All pictures are to be skipped; retype only the lines from the top of the entries through the line with "医生,男医生,卡通,微笑,白大褂,听诊器,病历夹,病历,医疗,健康", both included.

Segment Start: Provided records

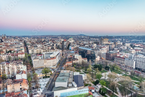 Obraz premium Belgrade, Serbia March 31, 2019: Panorama of Belgrade. The photo shows the Slavija Square, the Belgrade municipality of Vracar, the temple of St. Sava and the narrow center of the city.
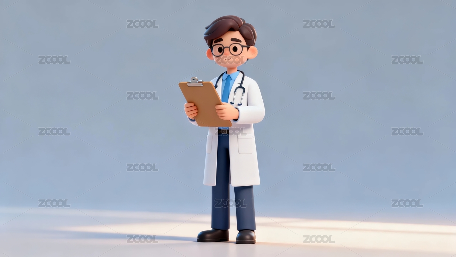 医生,男医生,卡通,微笑,白大褂,听诊器,病历夹,病历,医疗,健康
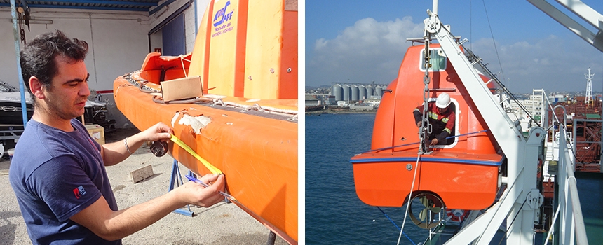 Mascyf suministra, inspecciona, y realiza las pruebas periódicas conforme a la normativa aplicable según la Organización Marítima Internacional (OMI) de los medios de puesta a flote, botes salvavidas y dispositivos de suelta certificando el estado operativo de los equipos.
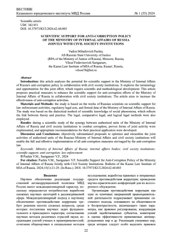 Введение: в статье рассматриваются перспективные направления развития научного обеспечения МВД России при реализации антикоррупционной политики совместно с институтами гражданского общества; проводится анализ терминологии и возможностей данной совместной деятельности, требующих научно-методической разработки. Предлагаются практические меры совершенствования научного обеспечения противодействия коррупции МВД России совместно с институтами гражданского общества с целью повышения эффективности данной деятельности.
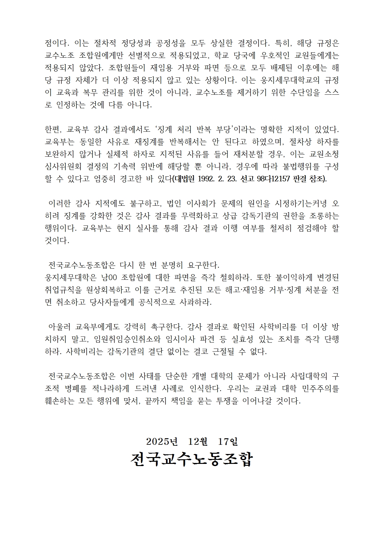 전국교수노동조합은 이번 사태를 단순한 개별 대학의 문제가 아니라 사립대학의 구조적 병폐를 적나라하게 드러낸 사례로 인식한다우리는 교권과 대학 민주주의를 훼손하는 모든 행위에 맞서끝까지 책임을 묻는 투쟁을 이어나갈 것이다.

Segment End: Provided records

• Answer box:
 Obraz premium Belgrade, Serbia March 31, 2019: Panorama of Belgrade. The photo shows the Slavija Square, the Belgrade municipality of Vracar, the temple of St. Sava and the narrow center of the city.
 医生,男医生,卡通,微笑,白大褂,听诊器,病历夹,病历,医疗,健康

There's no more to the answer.